For the first time, the College collaborated with the Elmhurst Art Museum on two exhibitions—one featuring the distinctive banners, album covers and other promotional materials commissioned each year for the Elmhurst College Jazz Festival; the other on pinball machine artwork influenced by the Chicago Imagist artists movement. In conjunction with the pinball exhibition, the College hosted a screening of Hairy Who and the Chicago Imagists, a documentary about the movement whose founders included Elmhurst’s director of exhibits, Suellen Rocca. The College also hosted several intercultural and religious lectures throughout the year, including a moving remembrance by Monsignor Kenneth Velo of Cardinal Joseph Bernardin; and, during the annual Holocaust lecture, Chicago Tribune arts critic Howard Reich talking about his friendship with Nobel Peace Prize winner and author Elie Wiesel. In late March, the College hosted the 10th Annual Elmhurst College Governmental Forum at the Drury Lane Conference Center in Oakbrook Terrace, an event that featured Illinois Senate President John Cullerton and Inland Real Estate Group Chairman Daniel L. Goodwin discussing the implications of the budget impasse in Springfield. At the start of the Jon Favreau lecture, part of the Rudolf G. Schade lecture series, President Troy D. VanAken welcomed the audience of about 900 people. The high attendance, he said, “reaffirms this College’s commitment to civic engagement, and to offering relevant, balanced, thought-provoking discussions on some of the most important and interesting topics of the day.” He also thanked the supporters of the Schade lecture series, including Professor Schade’s son, Rudy, and BMO Harris Bank; and recognized Robert and Marcia Goltermann, who recently donated $100,000 to enhance lectures at the College. “It’s through the generosity of people and institutions like these that Elmhurst College can bring a balance of important speakers here to share their insights with our students, our campus community and the community beyond,” he said. “The College is fortunate to know individuals and organizations that are passionate about encouraging and ensuring the continued success of events like these.”

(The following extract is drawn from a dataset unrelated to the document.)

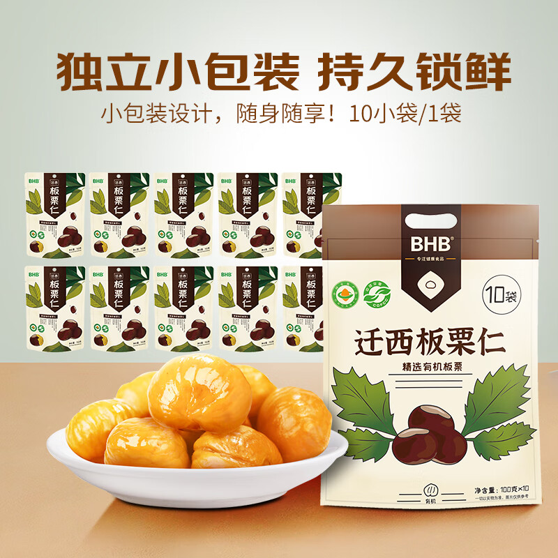 BHB 有机板栗仁1kg(100g*10袋)即食栗仁礼包坚果炒货休闲零食

In Memoriam Earl Swallow, a retired professor emeritus of physics at Elmhurst, died on January 14, 2017, at age 75. Swallow taught in the physics department for 37 years, many of them as chair of the department. He also was a founding director of the College’s Center for Scholarship and Teaching, and a co-founder of the Accelerator ArtSpace, a campus art gallery anchored by a massive, retired mid-20th-century Kevatron particle accelerator. Swallow was highly esteemed both by students and colleagues for his commitment to teaching and scholarship. A former Fermilab visiting scientist, he was the author of more than 150 articles, book chapters and other publications on particle physics, high-energy physics and elementary particles. Many of his publications grew out of the research he conducted at Fermi National Accelerator Laboratory in Batavia, Argonne National Laboratory in Lemont, and CERN in Switzerland. Swallow was frequently recognized for his excellence as a teacher. He received Elmhurst’s President’s Award for Excellence in Teaching, and in 1994, the Chicago Tribune honored him as a member of its “All-Professor Team,” a collection of the most respected teachers at small colleges. “Earl was an important presence at Elmhurst College for more than three decades,” said Brian Wilhite, chair of the College’s Department of Physics. “He was a mentor not just to a generation of students, but to faculty, too. For me personally, Earl was not only my most important mentor, he was also the person who gave me my biggest break, hiring me to come to Elmhurst. He will be missed.”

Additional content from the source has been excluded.